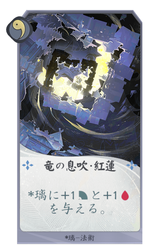1ターンに1度、螭璃がカードを捨てる時、螭璃が捨てるカードの対応する系統の「竜の息吹」を1枚溜める。
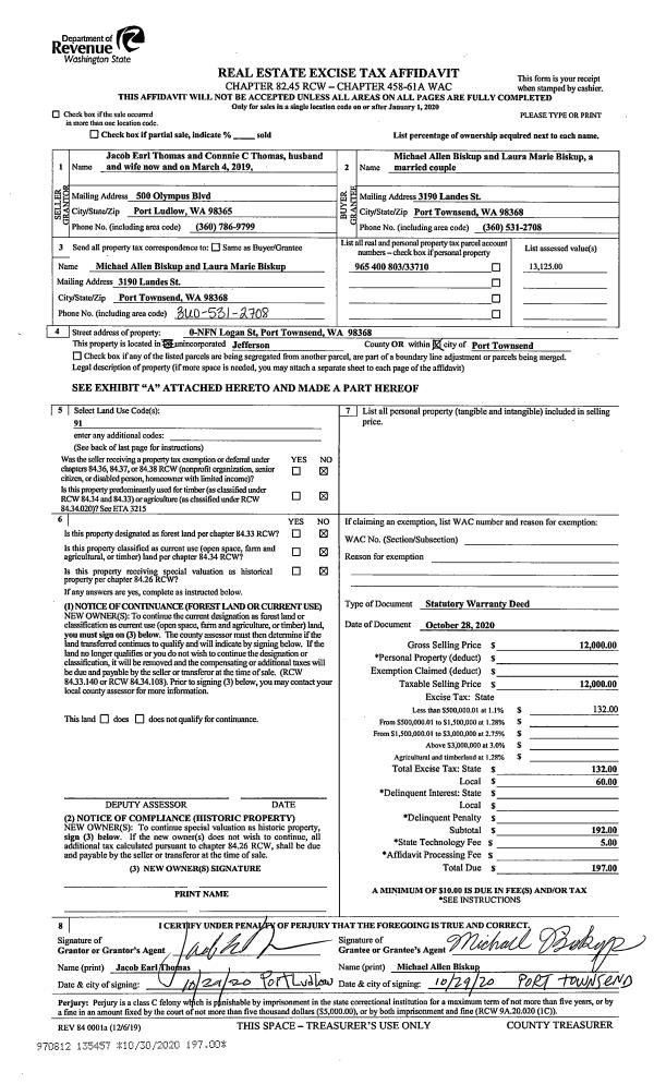 | 7 | 11/24/1992 | SWD | Statutory Warranty Deed | POPE RESOURCES | VILLAGE HOMES INC | 0 | 0 | $7,812.00 | 70301 | 0 |
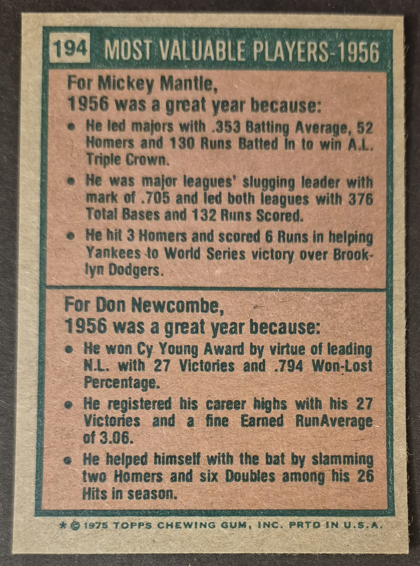 #194 1956 MVPs Mantle/Newcombe
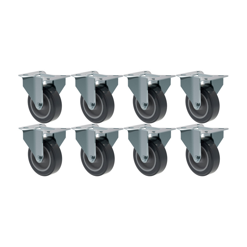 Roda BP: Produzida em composto termoplástico de PVC, com dureza de 85 Shore A (resistência de -10°C a +50°C). Proporciona uma rodagem suave e silenciosa, excelente proteção ao piso, alta resistência química, além de boa durabilidade contra desgaste e impactos, garantindo uma ótima relação custo-benefício.
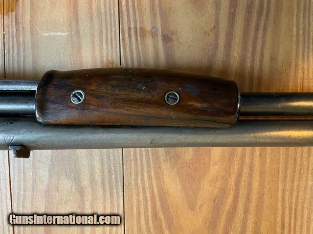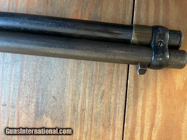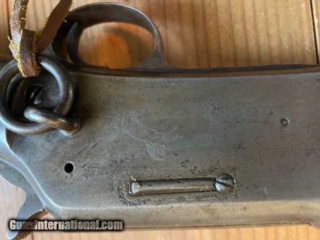 Description: Colt Lightning Saddle Ring Baby Carbine in 44 WCF (44-40). Serial # dates to 1898. Baby Lightning Carbines weigh 1 lb. less than "Regular" Saddle Ring Carbines. Barrel length 20". London proof marks on barrel, Colt records show multiple orders of Colt Lightnings shipped to London England in 1898. Magazine tube w/front clamp has been replaced, looks correct.Everything else is original. Bore is great, I would rate it 8-9 on a scale where 10 is mint. Stock and forearm show well, no damage. Original blueing gone, Rampant Colt Etching on LS of receiver in great shape. Inletting perfect from factory, prominent barrel address and proof marks. Correct sights. SOLD Antique: Yes Rifle Caliber: .44-40 Winchester Manufacturer: Colt Model: Baby Lightning Carbine Metal Condition: Great Wood Condition: Great Bore Condition: Great Action: works well |
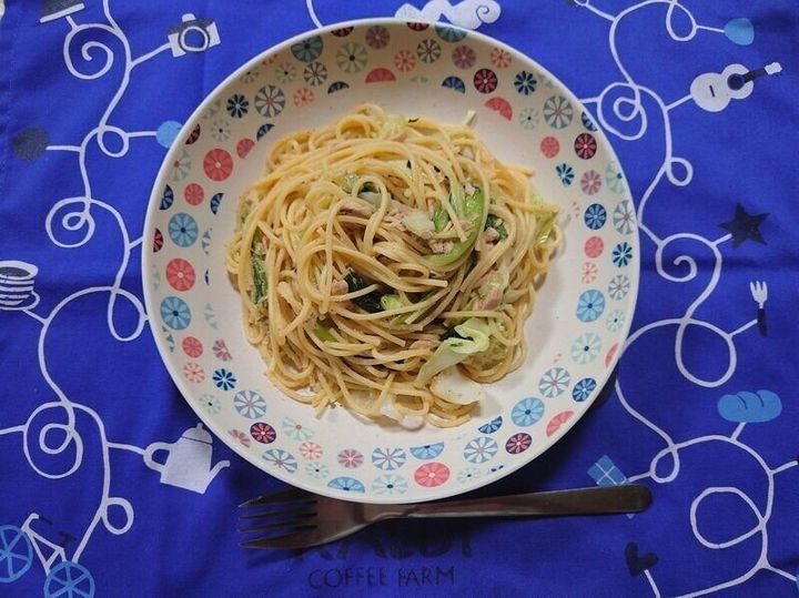 キャベツと冷凍の青梗菜を炒めて、火が通ったら茹でたパスタとツナを入れて麺つゆとゴマ油で味付けをしました。

■ PROBLEM STATEMENT
Extract the lines beginning with the one that contains "Description: Colt Lightning" and ending with the last line of the listing. Keep them exact and drop the pictures.

■ RESPONSE TO THE TASK
 Description: Colt Lightning Saddle Ring Baby Carbine in 44 WCF (44-40). Serial # dates to 1898. Baby Lightning Carbines weigh 1 lb. less than "Regular" Saddle Ring Carbines. Barrel length 20". London proof marks on barrel, Colt records show multiple orders of Colt Lightnings shipped to London England in 1898. Magazine tube w/front clamp has been replaced, looks correct.Everything else is original. Bore is great, I would rate it 8-9 on a scale where 10 is mint. Stock and forearm show well, no damage. Original blueing gone, Rampant Colt Etching on LS of receiver in great shape. Inletting perfect from factory, prominent barrel address and proof marks. Correct sights. SOLD Antique: Yes Rifle Caliber: .44-40 Winchester Manufacturer: Colt Model: Baby Lightning Carbine Metal Condition: Great Wood Condition: Great Bore Condition: Great Action: works well |
 キャベツと冷凍の青梗菜を炒めて、火が通ったら茹でたパスタとツナを入れて麺つゆとゴマ油で味付けをしました。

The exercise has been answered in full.